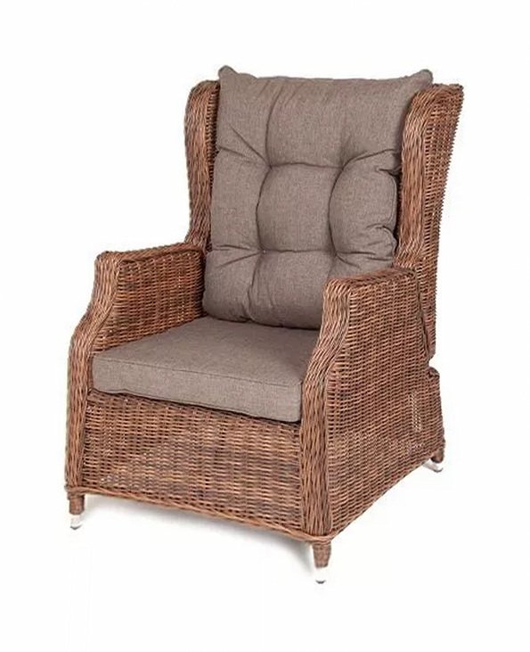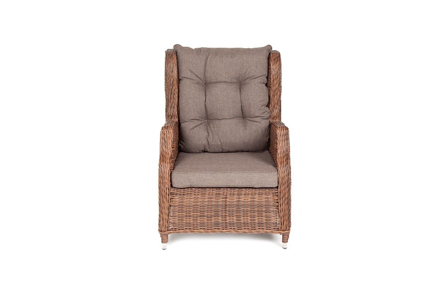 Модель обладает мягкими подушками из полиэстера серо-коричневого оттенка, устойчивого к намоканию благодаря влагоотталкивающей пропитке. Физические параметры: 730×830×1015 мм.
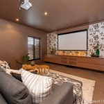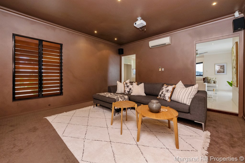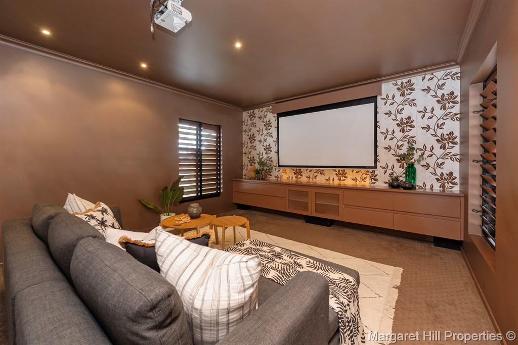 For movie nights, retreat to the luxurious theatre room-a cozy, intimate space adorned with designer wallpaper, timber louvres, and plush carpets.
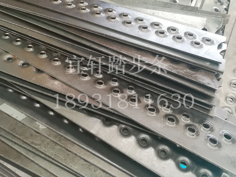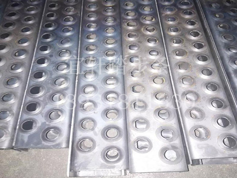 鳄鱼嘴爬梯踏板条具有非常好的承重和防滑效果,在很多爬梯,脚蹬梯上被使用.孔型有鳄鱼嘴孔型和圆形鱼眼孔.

* * *

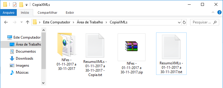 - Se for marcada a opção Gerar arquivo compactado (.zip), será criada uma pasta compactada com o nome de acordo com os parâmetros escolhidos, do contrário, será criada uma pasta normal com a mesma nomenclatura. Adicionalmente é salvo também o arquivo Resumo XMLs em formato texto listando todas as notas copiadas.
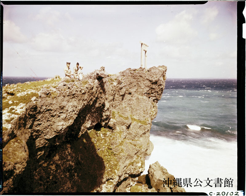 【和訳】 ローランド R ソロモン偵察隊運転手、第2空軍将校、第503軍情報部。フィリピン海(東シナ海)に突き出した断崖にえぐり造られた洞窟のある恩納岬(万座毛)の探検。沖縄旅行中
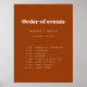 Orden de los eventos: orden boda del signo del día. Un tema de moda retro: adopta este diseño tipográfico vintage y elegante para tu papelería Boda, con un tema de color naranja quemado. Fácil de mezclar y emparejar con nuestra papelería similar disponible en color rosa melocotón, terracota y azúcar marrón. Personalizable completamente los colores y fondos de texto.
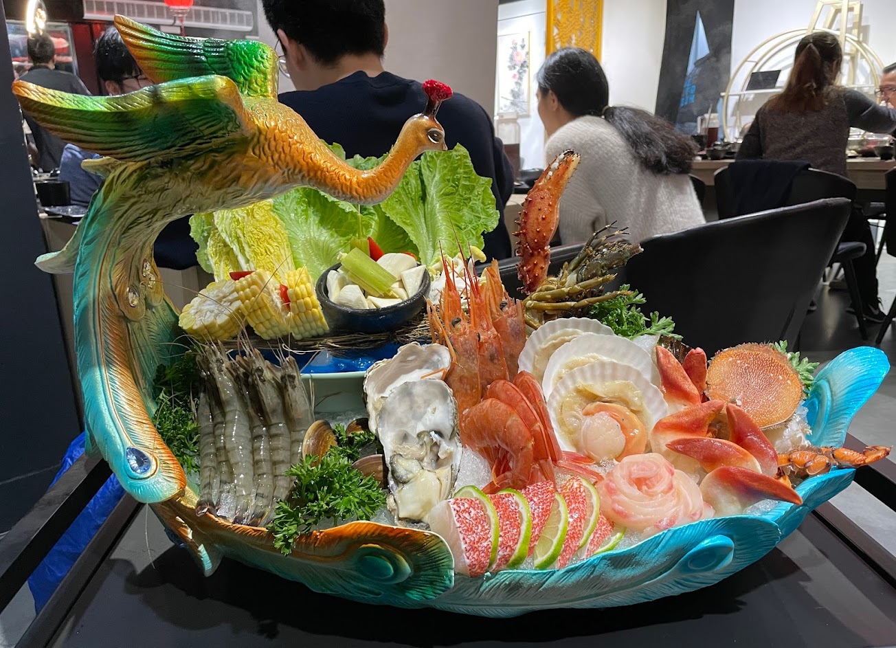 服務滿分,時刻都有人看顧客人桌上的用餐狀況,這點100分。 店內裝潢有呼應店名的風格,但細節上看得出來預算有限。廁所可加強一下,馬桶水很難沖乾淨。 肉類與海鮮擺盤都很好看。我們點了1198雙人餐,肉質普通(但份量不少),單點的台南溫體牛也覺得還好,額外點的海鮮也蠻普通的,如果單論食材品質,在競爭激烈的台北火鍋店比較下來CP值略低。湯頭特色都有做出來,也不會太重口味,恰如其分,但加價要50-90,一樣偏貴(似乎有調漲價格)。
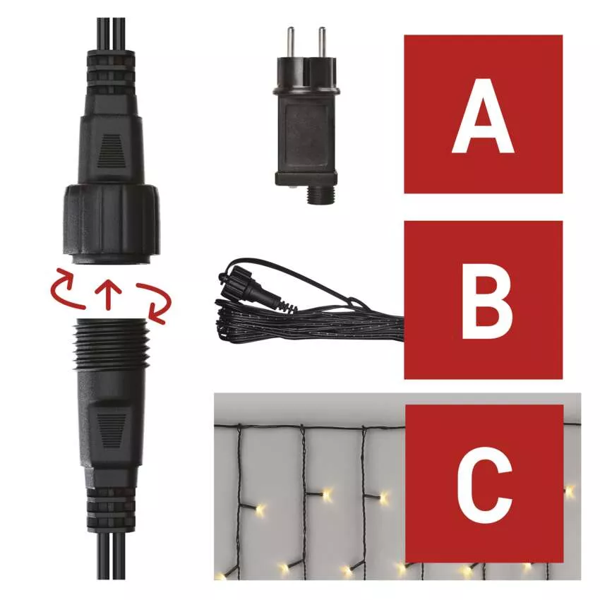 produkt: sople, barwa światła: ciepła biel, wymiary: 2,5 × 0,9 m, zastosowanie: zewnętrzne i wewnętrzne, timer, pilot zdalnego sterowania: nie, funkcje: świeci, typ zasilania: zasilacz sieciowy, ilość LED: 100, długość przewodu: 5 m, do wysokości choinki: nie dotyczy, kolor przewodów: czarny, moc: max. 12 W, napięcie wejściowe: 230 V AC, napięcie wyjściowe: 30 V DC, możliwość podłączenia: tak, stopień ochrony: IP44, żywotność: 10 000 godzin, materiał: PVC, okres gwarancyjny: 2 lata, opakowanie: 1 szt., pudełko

- **TASK**
Above are some records. Reproduce the lines from the one with "Модель обладает мягкими" down to the one with "鳄鱼嘴爬梯踏板条具有非常好的", keeping both, and leave every picture out.

- **OUTPUT OF THE EXERCISE**
 Модель обладает мягкими подушками из полиэстера серо-коричневого оттенка, устойчивого к намоканию благодаря влагоотталкивающей пропитке. Физические параметры: 730×830×1015 мм.
 For movie nights, retreat to the luxurious theatre room-a cozy, intimate space adorned with designer wallpaper, timber louvres, and plush carpets.
 鳄鱼嘴爬梯踏板条具有非常好的承重和防滑效果,在很多爬梯,脚蹬梯上被使用.孔型有鳄鱼嘴孔型和圆形鱼眼孔.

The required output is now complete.